Between the sea and main promenade highway at Fleetwood seafront, are two boating lakes. They’re separated by a bridge which takes you to the coastal path. It’s a pretty spot to pass an hour, get an ice cream from the small cafe and go crabbing with the little ones!
Larger Boating Lake
This is an attractive area at The Esplanade on Fleetwood seafront. You can walk around the lakes using the pavement against the highway, or follow the footpath around the edge of the lake itself. It’s a lovely spot for a quiet walk – watch the wildlife and enjoy the view!
The larger of the two boating lakes has a small island in it. At its deepest the water is about 4′, and about 3′ (1m) at its shallowest.
Using the Boating Lake
If you’d like to use it to practice your canoe and paddle-boating skills you can just turn up and do so as you wish.
However, if you’d like to organise a proper ‘event’, then you should contact Wyre Council to arrange for the necessary permissions. An ‘event’ is something that’s promoted in advance and will draw a big crowd of people.
Watch this drone flight footage across Fleetwood Boating Lake at sunset in winter. Thanks to Christopher Verity who filmed this, for allowing us to share it.

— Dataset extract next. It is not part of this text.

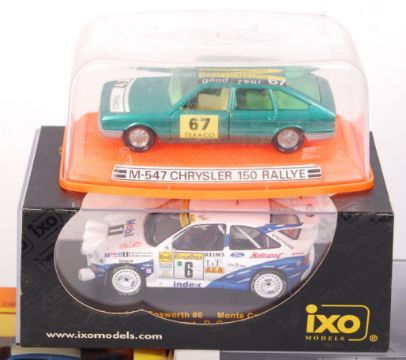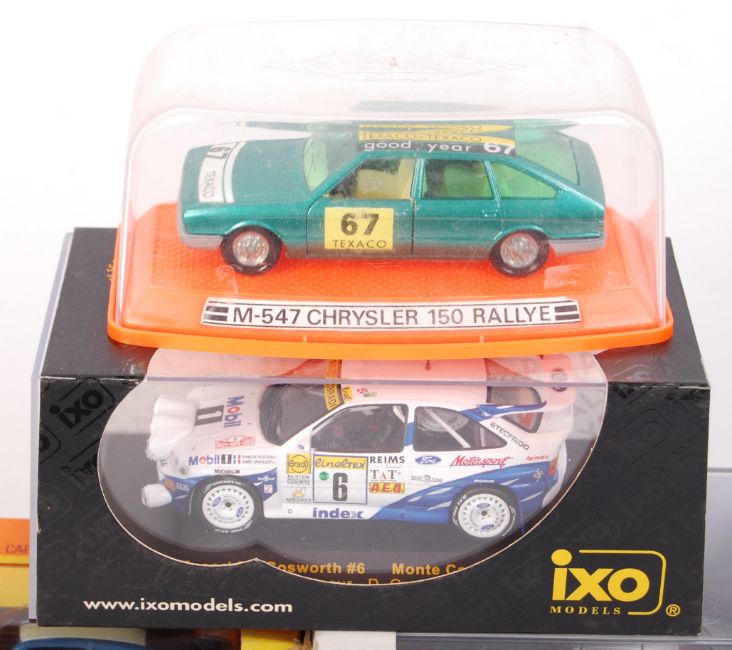 A good collection of 10x assorted 1:43 scale precision boxed diecast model cars. All appear mint, within the original boxes. To include; Solido (1023, 26, 73, and 61), Saico Ford Escort Mk1 RS 2000, Fina Lancia Delta HF, Cararama Mercedes Benz, IXO RAC022, Minichamps Ford RS 200, and Pilan made M-547. All appear mint. Great collection.

Boatwork and Seamanship Training
Students from Blackpool and the Fylde College use the large boating lake for boatwork and seamanship training. They attend Fleetwood Nautical College, the campus isn’t far away, just off Eros roundabout on the A585.

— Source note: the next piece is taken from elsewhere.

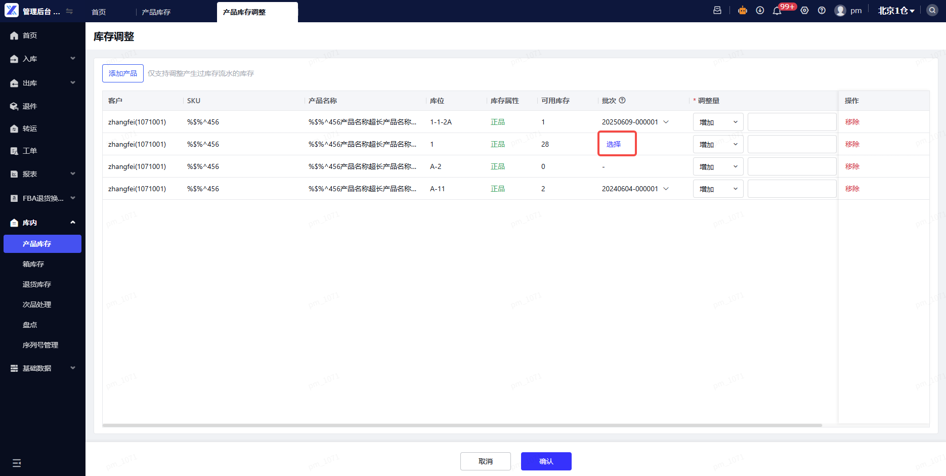 3、库存调整/移库指定批次:在进行库存调整、移库操作时,若库位上有多个批次,支持指定批次进行调整;若不指定批次,则按照系统默认逻辑先进先出进行调整。

In the clip below you can see the lifeboat sailing around the lake as students practise their survival skills. It’s not a fantastic quality clip – just shows how good camera phones have become!
Model Yacht Pond
At the other side of the bridge is the smaller of the two boating lakes, the model yacht pond. To its left is the paddling pool.
Fleetwood Model Yacht & Power Boat Club has it’s clubhouse against the lake. They holds events and competitions throughout the year on the model yacht pond.
The Club was formed in 1929. The smaller of the two lakes was officially opened in 1932. In the same year the club held its first National Championship for 6 metre model Yachts.
In 1933, the British Open A Class Championship was held for the first time at Fleetwood. Fleetwood has since held many major national and international championships, for many classes of boats. There’s a racing section for model yachts, rules and a thriving scale section.
Over the years the clubhouse and lake facilities have been improved. It’s now one of the finest clubhouses in the country.
These photos are from the 2017 (UK) Vane A-Class Championships at Fleetwood. This prestigious regatta dates back to the late 1920’s. The five day event brings skippers from all over the UK, and from abroad.
Feed the Birds at the Boating Lakes
Families of ducks, geese and swans also live on the boating lakes. They’ve trained the public to feed them and make quite a sight when they gather to watch the events!
If you’re going to feed the birds it’s best not to give them bread. It’s the equivalent of junk food and it pollutes their water. Instead, they’ll enjoy wild bird seed (or you can even get special duck food), or chopped up green vegetables or lettuce.
Crabbing in the Boating Lakes
We have it on good authority that the boating lakes is a good spot for crabbing. Particularly the left hand paddling pool. It’s an age old passtime for children to try their hand at, fishing little crabs out of the water.
What do you need for crabbing?
If you fancy having a go and learning some fishing skills, go prepared and take your equipment with you. You’ll need:
- a bucket or a clear container – a transparent plastic bucket or food box is ideal
- some string or line – natural garden string has less impact on the environment if you lose any of it
- bait – crabs especially like fish – and bacon!
- something to put your bait in. A little net bag is ideal – or you could use a bit of old fabric/dishcloth etc.
Before you start, put some sand and a few pebbles in your container then fill it up with water. Put your bait in your bit of fabric or your net bag and fasten it to the end of your string.
Dangle your bait into the water – keep a hold on the string and wait for the crabs to bite!
The crabs will be attracted to the smell of the food and come to your bait bag. You can pull them up out of the water and put them in your bucket to watch.
Make sure you put your catch back into the water when you’ve finished, and don’t leave any litter behind when you leave.
Improvement Works to the Lakes
In December 2014 work started to improve the lakes. The aim was to achieve consistent levels of water in them.
The main boating lake was dredged and drained. Once empty, repairs were carried out to the lining, the aprons were re-concreted and some of the access pathways improved. It was then refilled with sea water.
The sand dredged out of the lake was transported to Rossall to be recycled. It was stored and later used in the landscaping at Larkholme Grasslands, part of the new Rossall sea defence works.